18 March 2026, 16:13

Dr. Sven Windhorst wechselt von der Notaufnahme in die Vlothoer Familienpraxis

Plakat mit Bäumen und Himmel im Hintergrund, mit dem Text "Investitionen in Gemeinden: Größte Investition in ländliche Elektrizität seit dem New Deal".

Dr. Sven Windhorst wechselt von der Notaufnahme in die Vlothoer Familienpraxis

Dr. Sven Windhorst übernimmt eine neue Rolle in der Familienpraxis in Vlotho. Ab dem 1. Juli 2025 unterstützt er die langjährige Hausarztpraxis nun bei deren Expansion. Der Schritt folgt auf jahrelange Erfahrung in der Notfallmedizin und einem Karrierewechsel in die hausärztliche Versorgung.

Windhorst war bereits 2022 als Weiterbildungsassistent in die Praxis seiner Eltern eingestiegen. Zuvor hatte er bis März 2024 als Oberarzt in der zentralen Notaufnahme der Kreiskliniken Herford gearbeitet. Der Wechsel in die Allgemeinmedizin reizte ihn wegen der abwechslungsreichen Tätigkeit und der langfristigen Patient:innenbeziehungen.

Seit seinem Eintritt ist die Praxis gewachsen. Sie verfügt nun über drei Kassensitze – zuvor waren es zwei. Die Erweiterung wurde teilweise durch einen 25.000-Euro-Zuschuss des Kreises Herford finanziert, mit dem die Praxis ihre digitale Infrastruktur modernisierte.

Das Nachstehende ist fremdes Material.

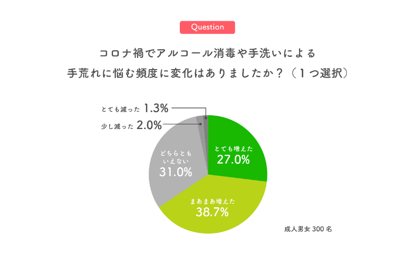 《コロナ禍でアルコール消毒や手洗いによる手荒れが増えた人は約7割》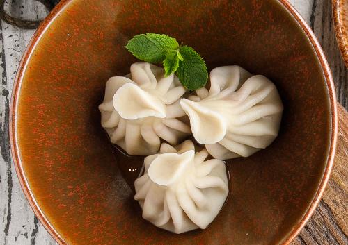 Сладкие хинкали с вишней, яблоком, корицей и освежающей мятой, со сметаной или мацони на выбор.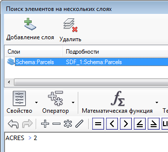 - Чтобы добавить дополнительные слои элементов в данные, просматриваемые выражением, нажмите кнопку Добавить слой и выберите добавляемый слой. Чтобы удалить слой, выберите его в списке и нажмите кнопку Удалить.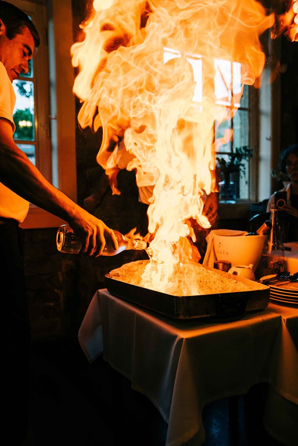 Para os que gostam mais de espetáculo junto à mesa, robalos grandes ao sal são recomendados. O fogo torna uma experiência já fantástica, inesquecível!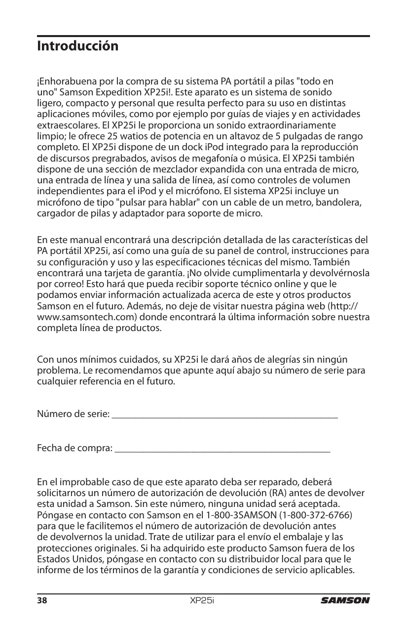 iEnhorabuena por la compra de su sistemas PA portátil a pilas "todeno en uno" Samson Expedition XP25i!. Este aparato es un sistemas de sonido ligero, compacto y personal que resulta perfecto para su uso en-distinas aplicaciones moviles, como por exemple por guias de viajes y enactividades extraescolares. El XP25i le proporciona un sonidoextraordinariamente limpio; le ofrece 25 watos de potencia en un altavoz de 5 pulgadas de rango completo. El XP25i dispone de un dock iPod integrado para la reproduccion de discuros pregrabados, avisos de megafonia o música. El XP25i también dispone de una seccion de mezclador expandida con una entrada de micro, una entrada de linea y una calidad de linea, asi como controles de volumen independentes para el iPod y el micrófono. El sistemas XP25i incluye un micrófono de tipo "pulsar para haber" con un cable de un metro, bandolera, cargador de pilas y adaptador para soporte de micro.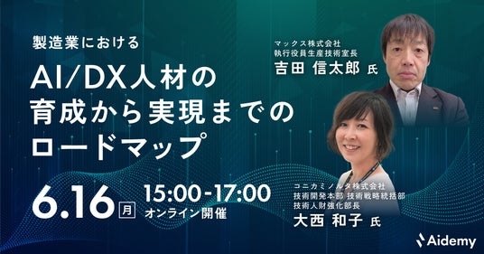 株式会社アイデミー(本社:東京都千代田区、代表取締役 執行役員 社長 石川聡彦、以下「アイデミー」)は、2025年6月16日に第4回経団連後援セミナー「製造業におけるAI/DX人材の育成から実現までのロードマップ」を開催いたします。コニカミノルタ株式会社(本社:東京都千代田区)とマックス株式会社(本社:東京都中央区)をゲストに迎え、現場での実践を通じて得た知見や、育成からDXプロジェクト実現に至るまでのリアルなプロセスについて共有いたします。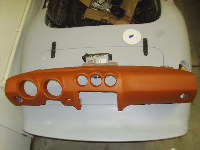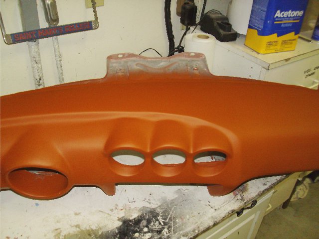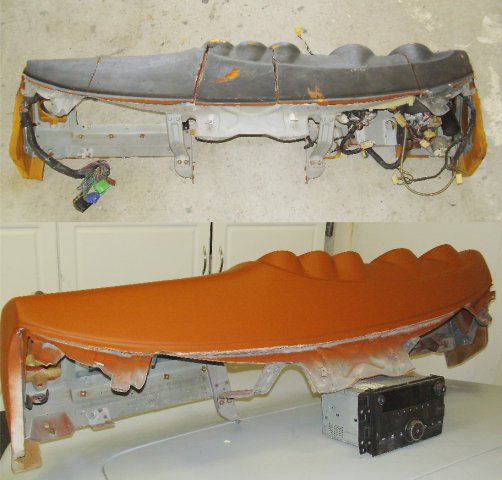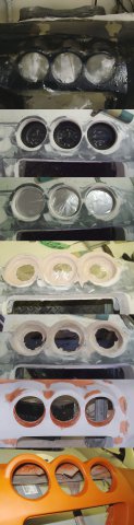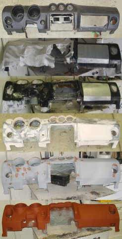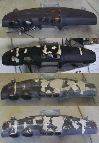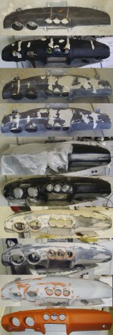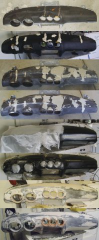 I had the very same experience with the SEM products. The final result looked like crap and was very brittle. So. I also went the fiberglass route. Here's a composite photo of the dash so far. Covering the dash with fiberglass cloth produced a very hard surface and no cracking when it was bolted in for test fitting. Not sure if I'll go with the textured look, paint or try to cover with some kind of material. Dan Juday has a very nice dash, with a smooth finish, painted the same color as his car. That's the standard I'm shooting for.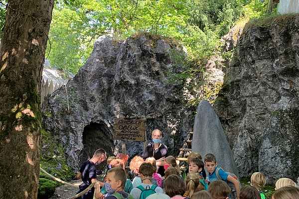 Judith Heckel hat sich dankenswerterweise wieder die Zeit genommen, mit der 4. Klasse den letzten Teil des Mühlenweges zu erkunden. Bei idealen Wander-wetter besuchten die Schülerinnen und Schüler unter anderem eine Stelle, an der früher Gips abgebaut wurde und bewunderten anschließend die Stuckarbeiten in der Kirche St. Leonhard in Nußdorf.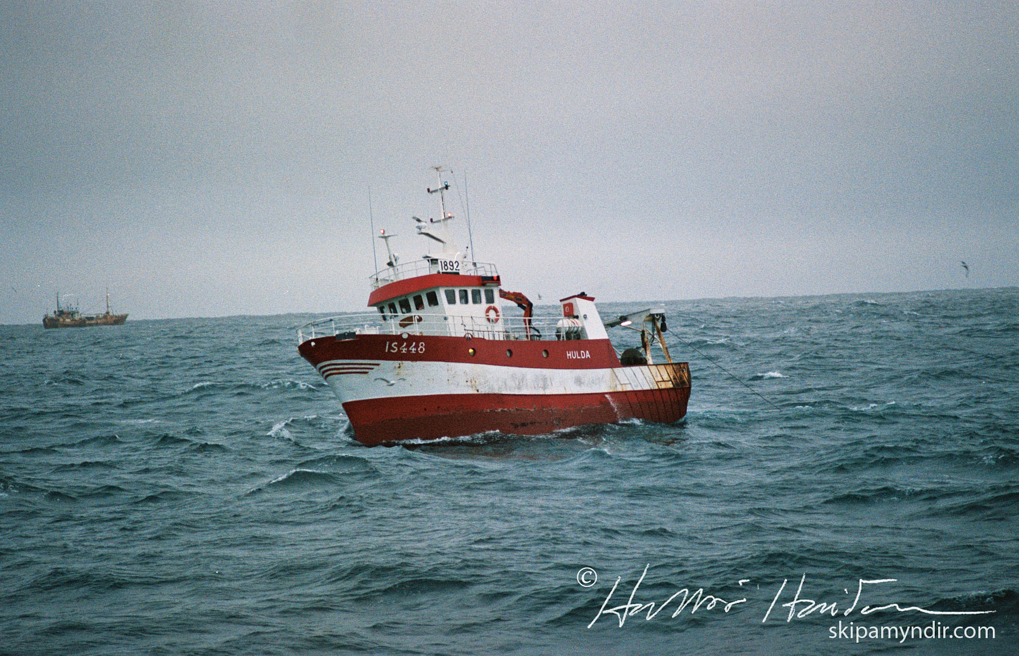 Rækjubáturinn Hulda ÍS 448 frá Ísafirði er hér á togslóðinni úti fyrir Norðurlandi árið 1989 að mig minnir.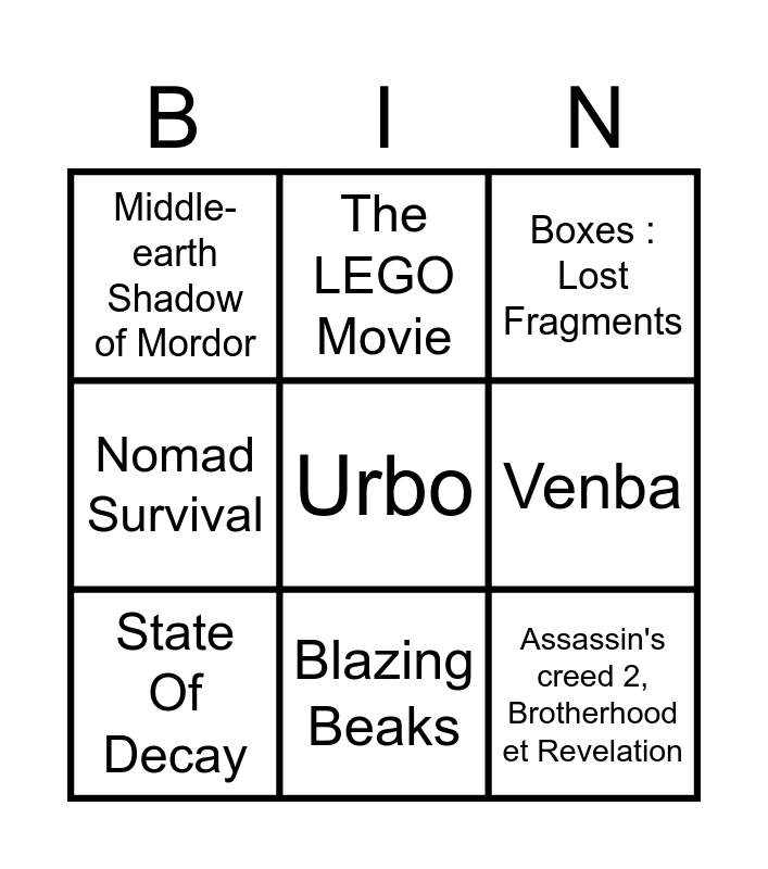 This bingo card has a free space and 8 words: Venba, Boxes : Lost Fragments, The LEGO Movie, State Of Decay, Middle-earth Shadow of Mordor, Assassin's creed 2, Brotherhood et Revelation, Nomad Survival and Blazing Beaks.

Windhorst ist nicht der Einzige, der von lokaler Förderung profitiert. Seit 2019 hat das Kreisprogramm Praxismacher 12 Ärzt:innen dabei unterstützt, eigene Praxen zu übernehmen. Insgesamt wurden 34 Zuschüsse für Neugründungen oder Erweiterungen von Arztpraxen vergeben. Anders als noch 2019 gilt nun keine Kommune im Kreis Herford mehr als unterversorgt in der hausärztlichen Versorgung.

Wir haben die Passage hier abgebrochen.